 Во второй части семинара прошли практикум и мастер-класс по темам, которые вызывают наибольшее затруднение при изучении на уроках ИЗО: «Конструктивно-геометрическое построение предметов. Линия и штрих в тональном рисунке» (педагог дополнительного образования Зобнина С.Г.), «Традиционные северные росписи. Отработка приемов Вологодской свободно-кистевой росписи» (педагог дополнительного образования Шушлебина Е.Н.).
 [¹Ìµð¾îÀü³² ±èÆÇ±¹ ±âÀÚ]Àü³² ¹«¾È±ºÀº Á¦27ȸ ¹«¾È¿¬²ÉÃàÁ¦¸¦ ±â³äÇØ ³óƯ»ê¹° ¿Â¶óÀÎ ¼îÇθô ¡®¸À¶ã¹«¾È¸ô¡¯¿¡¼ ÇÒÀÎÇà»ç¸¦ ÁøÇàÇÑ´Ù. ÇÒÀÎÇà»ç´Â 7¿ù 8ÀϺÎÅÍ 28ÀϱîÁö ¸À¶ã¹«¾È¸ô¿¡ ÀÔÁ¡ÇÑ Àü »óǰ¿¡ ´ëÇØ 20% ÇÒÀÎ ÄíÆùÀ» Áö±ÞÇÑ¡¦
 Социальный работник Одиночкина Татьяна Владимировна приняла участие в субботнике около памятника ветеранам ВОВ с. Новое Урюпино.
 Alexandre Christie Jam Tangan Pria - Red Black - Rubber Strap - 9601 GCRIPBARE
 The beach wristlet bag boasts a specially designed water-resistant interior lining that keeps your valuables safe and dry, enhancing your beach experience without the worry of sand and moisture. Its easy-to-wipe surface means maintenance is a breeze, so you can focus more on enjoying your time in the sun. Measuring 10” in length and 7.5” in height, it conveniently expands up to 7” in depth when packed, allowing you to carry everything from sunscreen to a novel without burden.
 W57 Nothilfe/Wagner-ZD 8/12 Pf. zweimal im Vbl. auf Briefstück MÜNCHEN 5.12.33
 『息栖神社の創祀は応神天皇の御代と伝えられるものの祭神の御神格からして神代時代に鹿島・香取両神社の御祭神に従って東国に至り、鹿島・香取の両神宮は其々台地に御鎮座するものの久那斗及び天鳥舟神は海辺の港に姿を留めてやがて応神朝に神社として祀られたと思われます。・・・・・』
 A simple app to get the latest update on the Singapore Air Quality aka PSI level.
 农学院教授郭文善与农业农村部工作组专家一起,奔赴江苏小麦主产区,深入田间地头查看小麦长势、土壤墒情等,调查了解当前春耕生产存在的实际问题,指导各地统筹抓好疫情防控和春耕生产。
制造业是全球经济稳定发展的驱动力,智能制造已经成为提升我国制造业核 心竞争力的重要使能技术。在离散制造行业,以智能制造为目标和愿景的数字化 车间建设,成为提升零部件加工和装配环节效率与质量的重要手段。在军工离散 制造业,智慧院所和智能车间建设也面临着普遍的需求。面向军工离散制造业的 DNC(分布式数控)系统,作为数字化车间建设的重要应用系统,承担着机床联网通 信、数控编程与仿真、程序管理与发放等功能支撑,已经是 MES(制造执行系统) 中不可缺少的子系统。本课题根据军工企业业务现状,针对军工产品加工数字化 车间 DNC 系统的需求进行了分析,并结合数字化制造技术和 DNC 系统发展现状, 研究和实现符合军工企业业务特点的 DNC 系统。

::::::::

◆ TASK DIRECTIONS ◆
Once the line containing "Alexandre Christie Jam" has been written out, please stop; every line before it, back to the first line of the records above, should be given exactly.

◆ TASK ANSWER ◆
 Во второй части семинара прошли практикум и мастер-класс по темам, которые вызывают наибольшее затруднение при изучении на уроках ИЗО: «Конструктивно-геометрическое построение предметов. Линия и штрих в тональном рисунке» (педагог дополнительного образования Зобнина С.Г.), «Традиционные северные росписи. Отработка приемов Вологодской свободно-кистевой росписи» (педагог дополнительного образования Шушлебина Е.Н.).
 [¹Ìµð¾îÀü³² ±èÆÇ±¹ ±âÀÚ]Àü³² ¹«¾È±ºÀº Á¦27ȸ ¹«¾È¿¬²ÉÃàÁ¦¸¦ ±â³äÇØ ³óƯ»ê¹° ¿Â¶óÀÎ ¼îÇθô ¡®¸À¶ã¹«¾È¸ô¡¯¿¡¼ ÇÒÀÎÇà»ç¸¦ ÁøÇàÇÑ´Ù. ÇÒÀÎÇà»ç´Â 7¿ù 8ÀϺÎÅÍ 28ÀϱîÁö ¸À¶ã¹«¾È¸ô¿¡ ÀÔÁ¡ÇÑ Àü »óǰ¿¡ ´ëÇØ 20% ÇÒÀÎ ÄíÆùÀ» Áö±ÞÇÑ¡¦
 Социальный работник Одиночкина Татьяна Владимировна приняла участие в субботнике около памятника ветеранам ВОВ с. Новое Урюпино.
 Alexandre Christie Jam Tangan Pria - Red Black - Rubber Strap - 9601 GCRIPBARE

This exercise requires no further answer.